Career Coaching: From LLM Limitations to Vector Solutions in CV Parsing

In a recent client engagement, I worked on a project to develop a system that simulates the role of a career coach. A key feature involved analyzing user information, such as curriculum vitae, portfolios, and stated interests, to offer tailored career guidance.

This was an exciting project. It was targeting personalized career development in a more profound way than roadmap, for instance, and not CV rewording to match ATS systems. Nonetheless, this system had to parse one document more important than any of the rest: the CV.

Pipeline

Let me start with a quick illustration of the pipeline. Given a CV, it pulls all text from the document, clean and structure the data for later stages of the system.

CV Parsing Pipeline

Processing Curricula Vitarum

Regardless of the tool and process that I already had in mind for the job, I did some research to understand the most recent practices and tools in document processing. Nowadays, there are a substantial number of frameworks that simply market the use of LLMs. Surprisingly, there are even more comments and tutorials on how to use them (it would be interesting to see how that scales). However, I found substantial comments from different developers from this specific area of expertise that remarked on the perils of processing CVs with LLMs given the particular nature of those documents. Those remarks were, once again, a warning sign of the market around LLMs.

Platform Skeleton

For this project, I chose a pragmatic and cost effective technology stack, prioritizing both operational efficiency and user privacy from the start of development.

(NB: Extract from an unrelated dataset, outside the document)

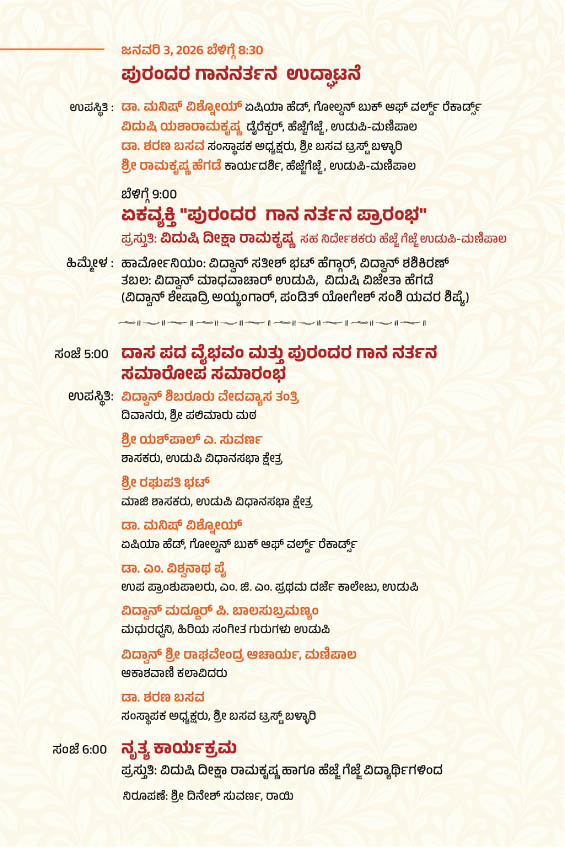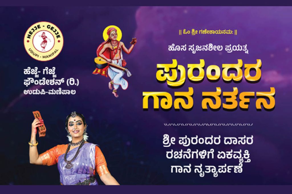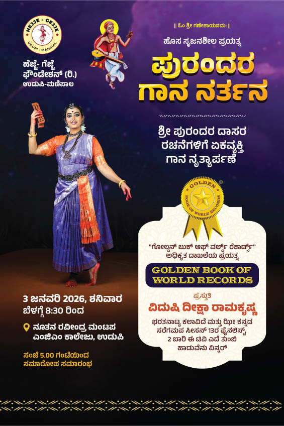 ಮಣಿಪಾಲ : ಹೆಜ್ಜೆ ಗೆಜ್ಜೆ ಫೌಂಡೇಶನ್ (ರಿ.) ಉಡುಪಿ-ಮಣಿಪಾಲ್ ಇದರ ವತಿಯಿಂದ ‘ಪುರಂದರ ಗಾನ ನರ್ತನ’ ಶ್ರೀ ಪುರಂದರ ದಾಸರ ರಚನೆಗಳಿಗೆ ಏಕವ್ಯಕ್ತಿ ಗಾನ ನೃತ್ಯಾರ್ಪಣೆ ಕಾರ್ಯಕ್ರಮವು ದಿನಾಂಕ 03 ಜನವರಿ 2026ರಂದು ಬೆಳಗ್ಗೆ 8-30 ಗಂಟೆಗೆ ಉಡುಪಿಯ ಎಂ.ಜಿ.ಎಂ. ಕಾಲೇಜಿನ ನೂತನ ರವೀಂದ್ರ ಮಂಟಪದಲ್ಲಿ ನಡೆಯಲಿದೆ.

Key tools and choices included:

Python
Groq, serving Llama 3, to leverage advanced language models at a lower cost
Qdrant, a powerful vector search engine
A focus on privacy, taking advantage of Groq’s privacy centered terms

This approach helped keep early-stage expenses lean, but also introduced challenges such as token limitations that required careful handling.

New kid on the block?

Extracting structured information from CV is essential. Among the many libraries available, the recently introduced pymupdf4llm (as of the article writing date, roughly 1 year) is consistently mentioned for delivering comprehensive and accurate PDF parsing results.¹

  import pymupdf4llm
  text = pymupdf4llm.to_markdown(file_path)
  return self._clean_text(text)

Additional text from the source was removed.